Bayesian Nested Latent Class Models for Cause-of-Death Assignment using Verbal Autopsies Across Multiple Domains

Richard Zehang Li, Zhenke Wu, Irena Chen, Samuel Clark (2021+). Submitted.


Understanding cause-specific mortality rates is crucial for monitoring population health and designing public health interventions. Worldwide, two-thirds of deaths do not have a cause assigned. Verbal autopsy (VA) is a well-established tool to collect information describing deaths outside of hospitals by conducting surveys to caregivers of a deceased person.
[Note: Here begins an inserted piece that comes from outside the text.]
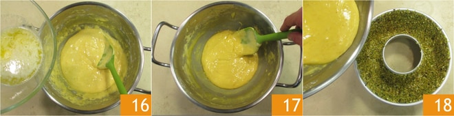Pour réaliser le gâteau à l'orange, commencez par beurrer le moule à gâteau 1 et saupoudrez les morceaux de pistaches 2 de manière à le recouvrir entièrement 3. Mettez de côté et passez à la préparation de la pâte.

It is routinely implemented in many low- and middle-income countries. Statistical algorithms to assign cause of death using VAs are typically vulnerable to the distribution shift between the data used to train the model and the target population. This presents a major challenge for analyzing VAs as labeled data are usually unavailable in the target population. This article proposes a Latent Class model framework for VA data (LCVA) that jointly models VAs collected over multiple heterogeneous domains, assign cause of death for out-of-domain observations, and estimate cause-specific mortality fractions for a new domain. We introduce a parsimonious representation of the joint distribution of the collected symptoms using nested latent class models and develop an efficient algorithm for posterior inference. We demonstrate that LCVA outperforms existing methods in predictive performance and scalability. Supplementary materials for this article and the R package to implement the model are available online.

Keywords Domain adaptation; Data shift; Classification; Mixture model; Dependent binary data; Quantification learning.